Still, financial analysts have stressed for months that the markets were due a correction after an amazing bull run.
“The latest decline takes us back to where we were on Nov. 17,” Greg McBride, the chief financial analyst at Bankrate.com, which tracks interest rates, told the BBC. “We’ve just given back some recent gains, but not wiped out anyone’s life savings.”
This week’s rollercoaster ride started in New York after markets in Asia plunged following Monday’s overnight sell-off on Wall Street.

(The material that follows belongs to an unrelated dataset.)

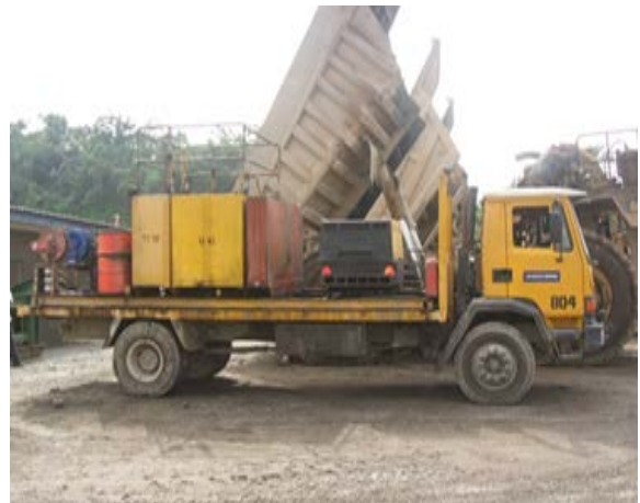
Fig 1 Side View of Existing Service Truck

Fig 1 and 2 show the supply nozzles and how they are exposed to dust. Each hose supplies a particular oil or fuel, such as water, TC-50, TC 15-40, TC-10 and grease. The hose which supplies the grease has a grease gun coupled to it to aid in greasing of bearings.

At one point, the benchmark Nikkei 225 index plummeted 7%, the biggest one-day drop since 1990, before recovering slightly to close 4.7% down.
In a trading horror story, the boards in Hong Kong, Seoul and Shanghai all turned red with the Hang Seng Index ending up in freefall on Tuesday.
At the close, it was more than 5% down at 30,595.42, while the Shanghai Composite Index dropped 3.4% to 3,370.65, its biggest single-day decline for nearly two years.
The rout continued in Singapore, where the Straits Times Index edged down 2.20% to close at 3,406.38.
“Since last autumn, investors had been betting on the goldilocks economy – solid economic expansion, improving corporate earnings and stable inflation,” Norihiro Fujito, a senior investment strategist at Mitsubishi UFJ Morgan Stanley Securities, told Reuters. “But the tide seems to have changed.”